Blue Sky Alternative Assets has endured a torrid few months Down Under since US short-seller Glaucus published a scathing report about the company’s business model and practices in April. While many of the criticisms turned out to have a fair bit of substance, Blue Sky’s agricultural and water portfolio emerged relatively unscathed.
Those investments still look sound and Blue Sky has repeatedly said that its institutional clients in that real asset portfolio have been happy with the returns achieved. This is backed up by comments recently made to Agri Investor by Mark Hector, First State Super’s infrastructure and real assets portfolio manager, who said that its investments with Blue Sky were performing well and remained “relatively immune” from the problems experienced elsewhere in the company.
Crucially, though, Hector also said that reputational risk was a big factor for an industry superfund like First State, and that the controversy swirling around Blue Sky over the past few months meant it had put a pause on future investments. Market sources have indicated to Agri Investor that it isn’t the only LP with this view.
This is where Oaktree’s recent A$50 million ($36 million; €40 million) investment into Blue Sky via a convertible loan note comes into play.
Blue Sky interim managing director Kim Morison (who previously oversaw the firm’s ag and water investments, suggesting that he was doing something right there to be given the job to oversee the firm’s recovery as a whole) told us in August that the Oaktree investment was very important to help the company’s reputation recover. The fact that Oaktree had done extensive due diligence and decided to make a move proved that there was still something of value in Blue Sky, which could help reassure both existing and prospective LPs.
Blue Sky is also working through a potential rebrand of the business, though Morison said in August that this wouldn’t involve Blue Sky becoming an Oaktree brand.
Despite that, the terms of the loan note do mean that it’s possible, if not inevitable, that Oaktree could take over the Blue Sky business at some point in the next couple of years. The firm is not known as a philanthropic investor; it will be dead set on securing a return on the investment it’s making.
Investors, then, are still unsure as to what the future holds for Blue Sky – as are shareholders, with the share price still sitting stubbornly below A$1.50 at time of writing. Blue Sky’s upcoming AGM on November 19 looks like an increasingly important date for management to lay out what they see as the benefits from Oaktree’s involvement and how the company will move forward.
A rebrand alone is unlikely to be enough to assuage worried investors – but more substantial changes to the business, such as an Oaktree takeover or even just the beefed-up and more independent board that has been proposed, could make a bigger difference.
Investors would rather do without the inconvenience of either switching manager or trying to take the ag and water investments in-house. In addition, nearly all without fail have good things to say about the people in charge of those investments, including Morison, who is now at the top of the business. But this equally translates into irritation that his time is being taken up on other things.

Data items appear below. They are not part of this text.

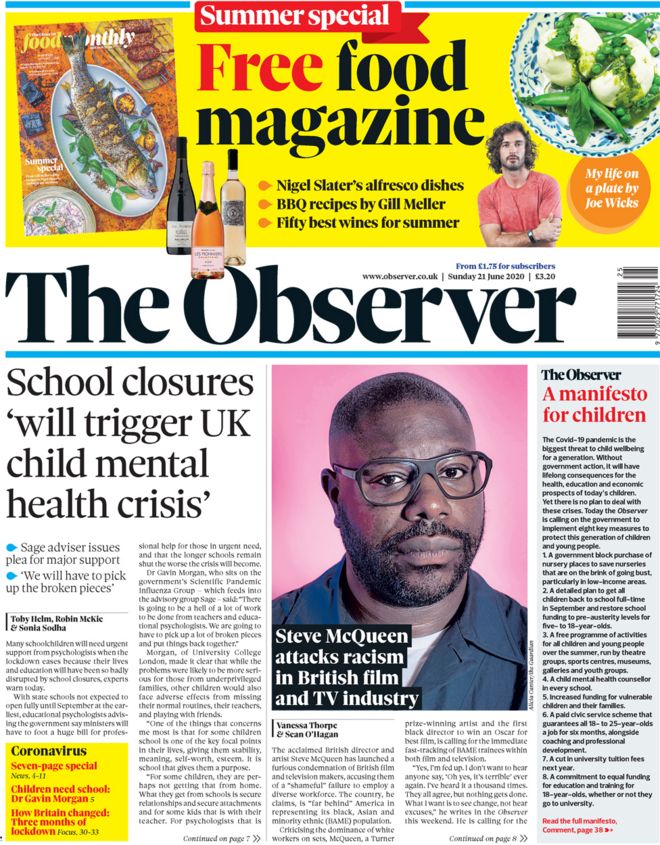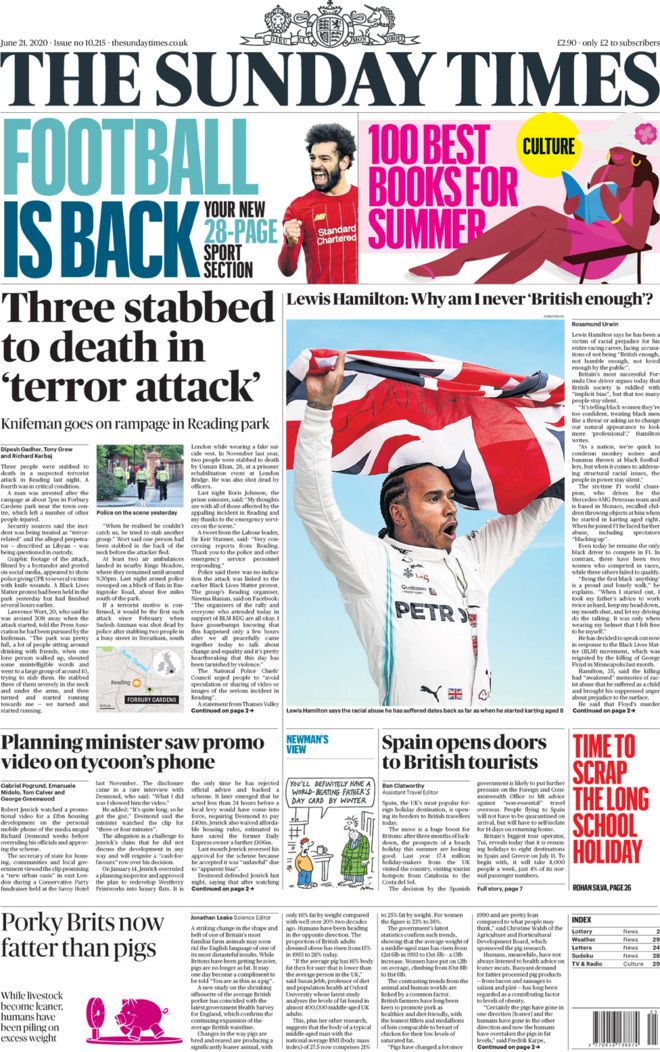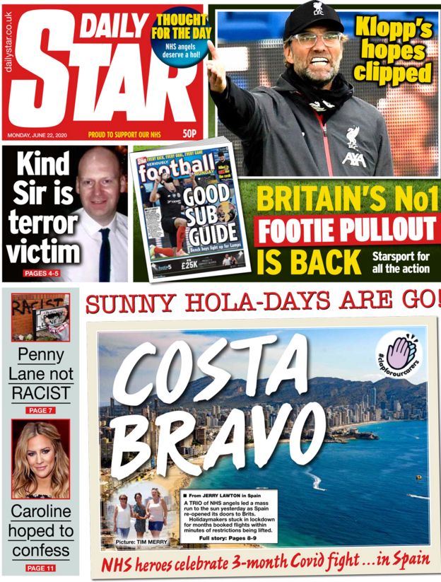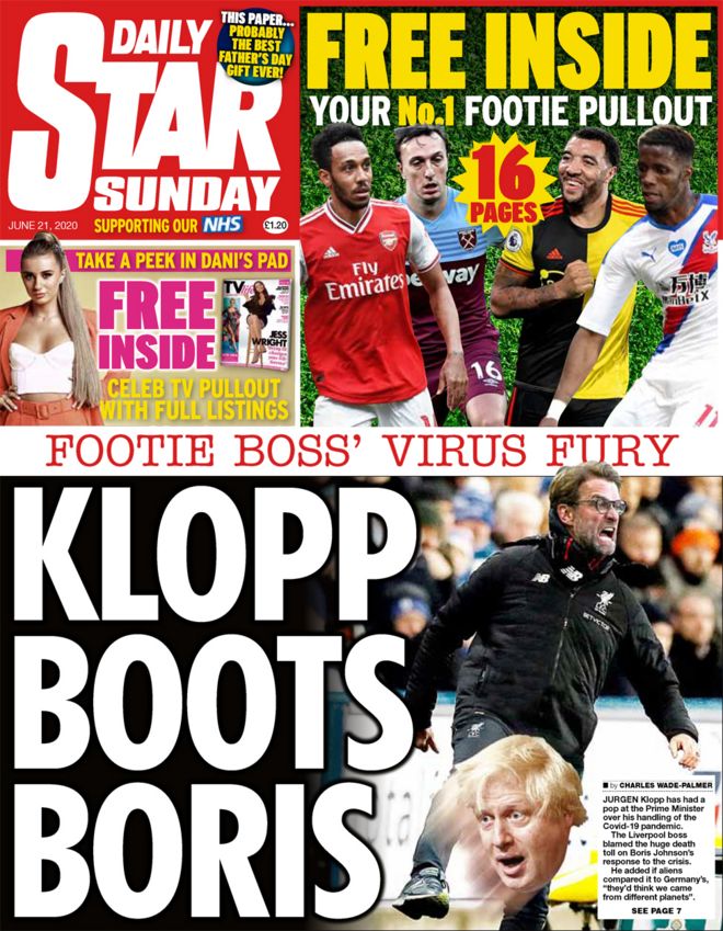 ![]() [BBC Text: Klopp boots Boris," is the lead story on the front page of the Daily Star Sunday, as the paper reports on the criticism from the Liverpool football boss over the PM's handling of the coronavirus pandemic. Jurgen Klopp said that if aliens compared the UK's handling of the crisis to Germany's "they'd think we came from different planets", the paper reports.] |
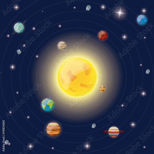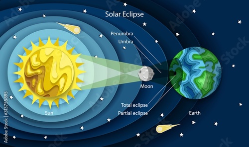 Векторная диаграмма солнечного затмения в стиле многослойной вырезки из бумаги. Шаблон образовательного плаката. Наука астрономия для детей.
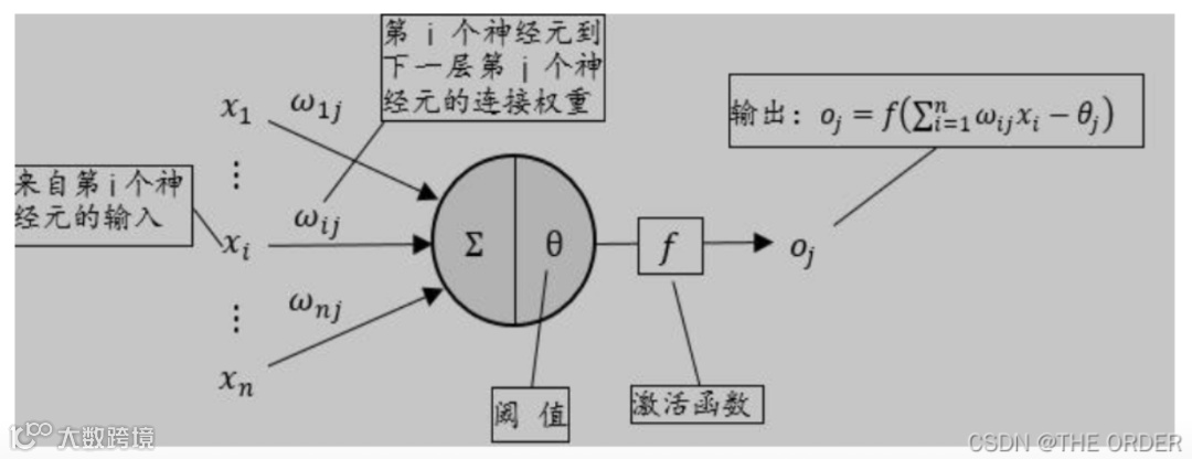 科学家为了复制这个神经元的功能,将它抽象化为一个计算机模型,如下图。其中,X1、X2、Xn是多个输入信息,W1、W2、Wn是各信号的权重,在达到一定阈值θj后,神经元被激活,然后将输入信息消化处理,传递出输出信息Y。
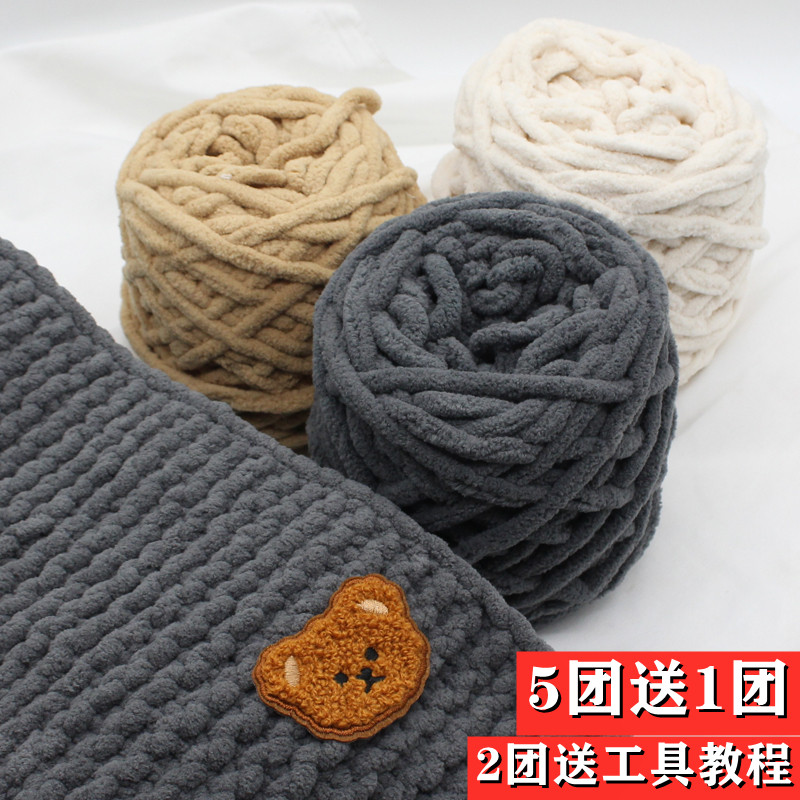 冰条线手工diy粗毛线编织小熊围巾毛线团勾钩针拖鞋线自织毛线球
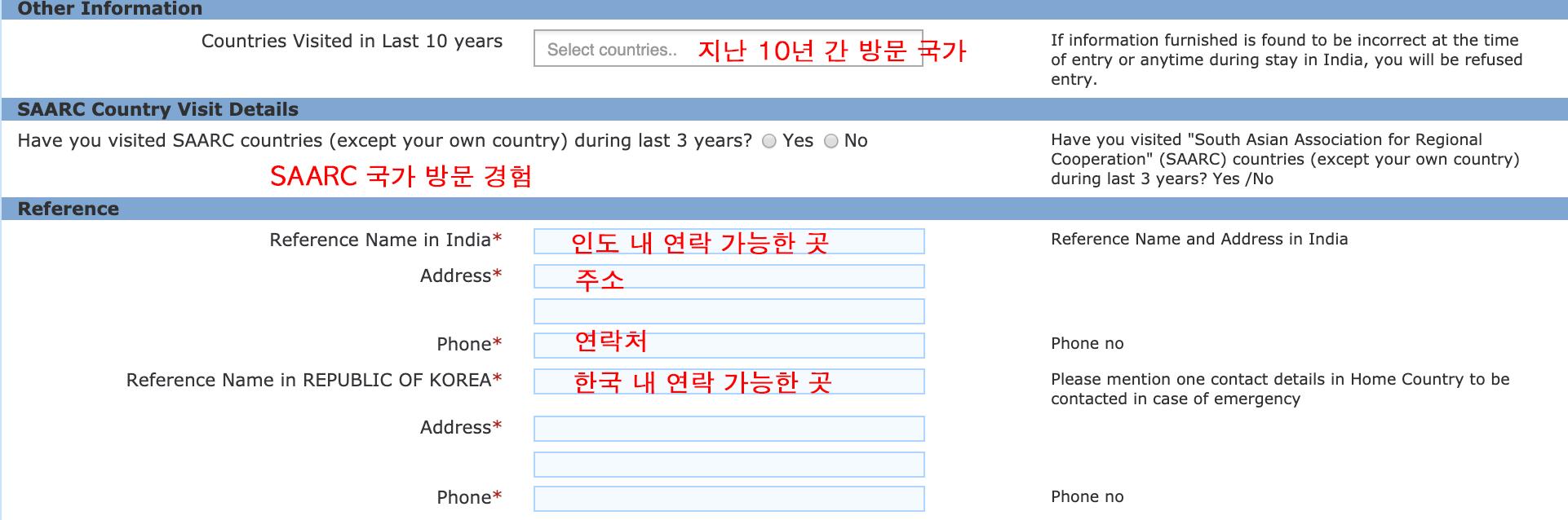 다음으로 지난 10년 간 방문 국가 리스트를 적고, SAARC 국가 방문 경험에 응답합니다. 2019년 12월 기준, SAARC 국가는 아프가니스탄, 방글라데시, 부탄, 인도, 몰디브, 네팔, 파키스탄, 스리랑카입니다. 다음으로 인도 내 연락 가능한 현지인 정보를 입력합니다. 저는 체류 예정 숙소 정보를 입력했습니다.

Several sources within Blue Sky have expressed frustration to Agri Investor at how the good work they felt they were doing in ag and water has been undone by the poor investments in other sectors that were highlighted by Glaucus and focused on by the media.
The challenge for Blue Sky now is to make the case to existing investors that their capital invested in real assets is safe – and more problematically, to make the case to new investors that this is a company worth doing business with.
That pitch may become easier after Oaktree’s involvement and a potential name change, but it’s clear that the company still has a lot of work to do.